Buttercup family is large one
Through the spring, summer and autumn the changing colours are a constant source of distraction to me as I sit in front of the keyboard.
At present it is dominated by the yellow of buttercups. Everyone knows buttercups. Buttercups and daisies are probably the first wild plants we identify as children.
But the identification of buttercups is actually a bit more complicated than that because they are quite a large family of native Irish plants.
The ones I am looking at are meadow buttercups, fairly tall plants that flower from April to October in damp meadows. The leaves are divided into anything from three to seven lobes and the central lobe has no stalk. Like most members of the family it’s poisonous, although there is a Munster folk tradition of using it’s root as a cure for toothache.
It’s close relative, the creeping buttercup, is one of the most hated weeds in my garden. It has hairier leaves with three lobes and sends out runners, in the same way that strawberries do, with a speed and enthusiasm that allow it to colonise a garden plot very quickly.
It’s very tenacious and hard to get rid of. You can bury it deep in the soil and a couple of weeks later it has struggled to the surface again and started another campaign to conquer the garden with new plantlets on the end of hairy runners.
There is another, rarer one called the bulbous buttercup. It gets its name from the fact that the base of the stem swells into a bulb-like structure in which the plant stores food for the winter. The leaves are three-lobed but in this species the centre lobe has a long stalk. It likes dry, lime-rich grassland and is also sometimes found in sand dunes.

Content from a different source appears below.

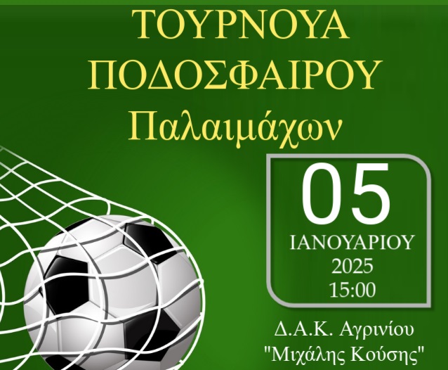 Tην Κυριακή 5 Ιανουαρίου και ώρα 15:00, οι παλαίμαχοι Παναιτωλικού υπό την αιγίδα του Δήμου Αγρινίου διοργανώνουν σε συνεργασία με τους βετεράνους Αθηνών, τους βετεράνους Κέρκυρας και τον Όμηρο Νεοχωρίου, τουρνουά ποδοσφαίρου στο Δ.Α.Κ. Αγρινίου “Μιχάλης Κούσης” και όχι στο γήπεδο ποδοσφαίρου Emileon όπως είχε οριστεί αρχικά λόγω προπόνησης της ομάδας.

One branch of the buttercup family lives in the water. They are called water crowfoots (or should that be crowfeet?) and have small white flowers. They like trout streams with clean, fast-flowing water and gravel beds and in the angling literature they are often referred to as ‘ranunculus’, the botanical name for the whole family.
The lesser celandine, with shining yellow flowers that open when the sun shines, is often the first wild-flower to brighten hedge-bottoms and road verges in the early spring. It’s also a member of this extended family and one of my favourites.
Another is the lesser spearwort, which doesn’t actually grow in streams like crowsfoot, but likes very wet places. Its flowers look like small buttercups but its leaves are totally different, being spear-shaped not lobed.
So the buttercups outside my window belong to a large family.